Posted on the 17 January 2014 by Dailyfusion @dailyfusion
Wind turbines in the Manawatu region, New Zealand. Wind turbines in the Manawatu region, New Zealand. (Credit: Flickr @ Neville10 http://www.flickr.com/photos/42198161@N02/)

Researchers at the University of Colorado Boulder have performed the first direct measurements of turbulence dissipation rates of wind turbines in real-world conditions. Wake turbulence might dissipate faster than commonly thought and in ways existing weather models do not reflect, their study suggests.

According to the abstract of their paper (see footnote), because of the dense arrays at most wind farms, the region of disturbed flow downstream of an individual turbine leads to reduced power production and increased structural loading for its leeward counterparts. Currently, wind farm wake modeling, and hence turbine layout optimization, suffer from an unacceptable degree of uncertainty, largely because of a lack of adequate experimental data for model validation.

Julie Lundquist, CU-Boulder assistant professor of atmospheric and oceanic sciences, presented these findings during a scientific session on weather-driven renewable energy at the fall meeting of the American Geophysical Union in San Francisco.

“We care about wakes not just because they’re beautiful, but studying them will help us understand how to produce more power and minimize turbine maintenance costs,” Lundquist said.

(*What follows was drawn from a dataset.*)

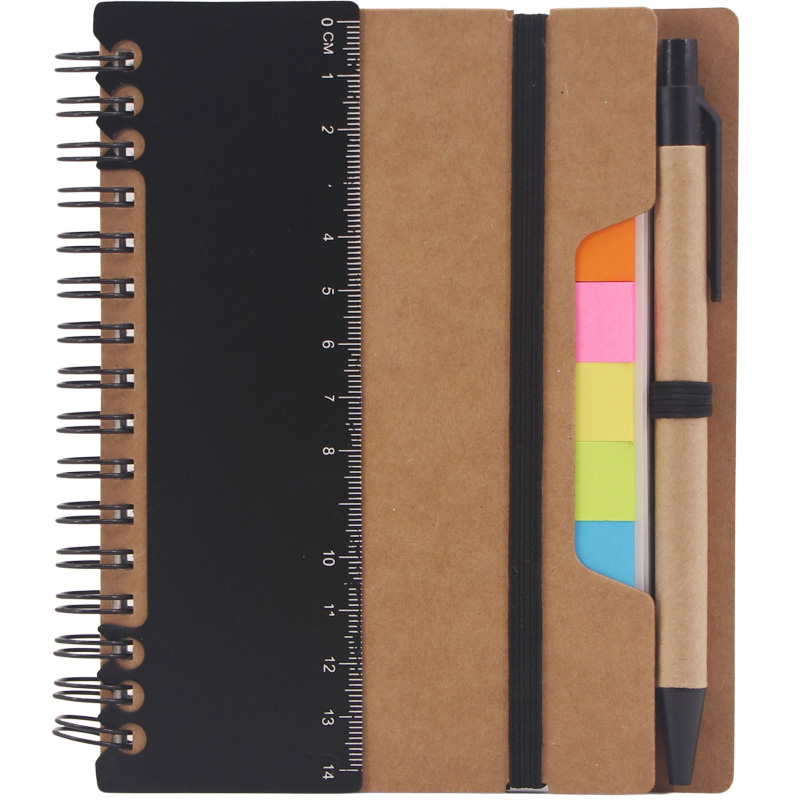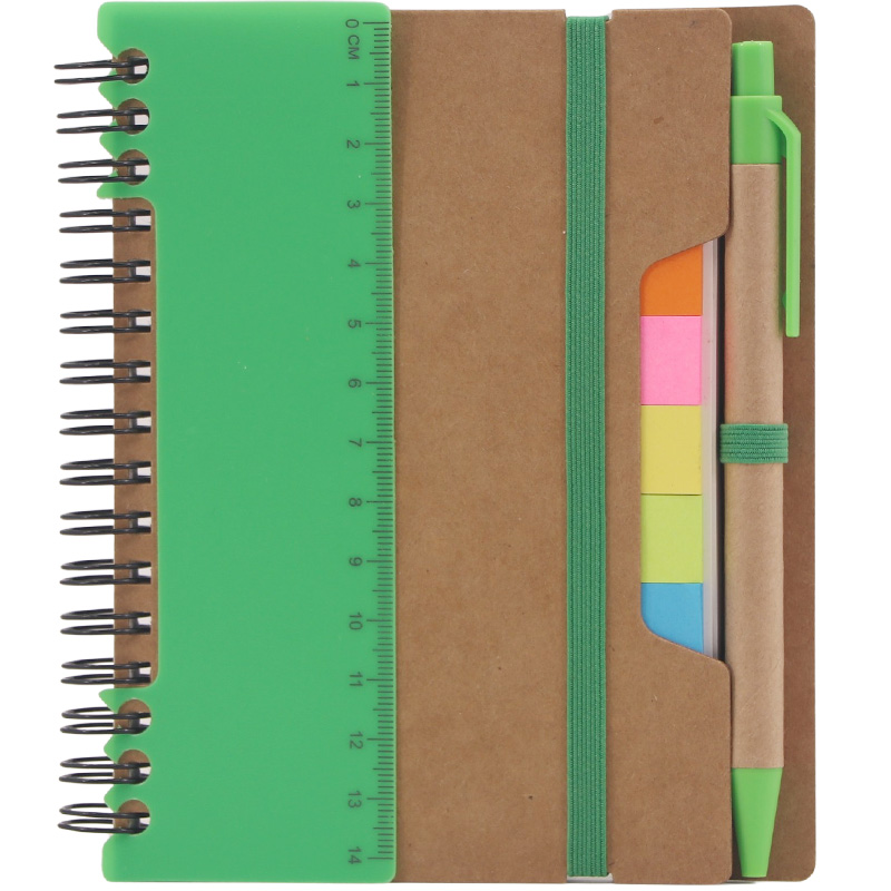 Eco Sticky Notebook with Ballpen and Ruler,70 Sheets 70g Lined White Papers,25 Sheets 5 Colors Sticky Flags,14cm Eco Ballpen,14cm Plastic Ruler

Before this study, turbulence dissipation rates had been directly measured only in wind tunnels. Estimates of turbulence dissipation rates from scanning lidar have also been carried out at this location in a previous study in which Lundquist’s research group collaborated with CU’s Cooperative Institute for Research in Environmental Sciences and the National Oceanic and Atmospheric Administration’s Earth Systems Research Laboratory.

Nearly 100 hours of wake measurements were collected with long-range Doppler lidar at the National Wind Technology Center at the National Renewable Energy Laboratory in the Turbine Wake and Inflow Characterization Study (TWICS).

In their paper, scientists present quantitative procedures for determining critical parameters from this extensive dataset—such as the velocity deficit, the size of the wake boundary, and the location of the wake centerline—and categorize the results by ambient wind speed, turbulence, and atmospheric stability. Despite specific reference to lidar, the methodology is general and could be applied to extract wake characteristics from other remote sensor datasets, as well as computational simulation output.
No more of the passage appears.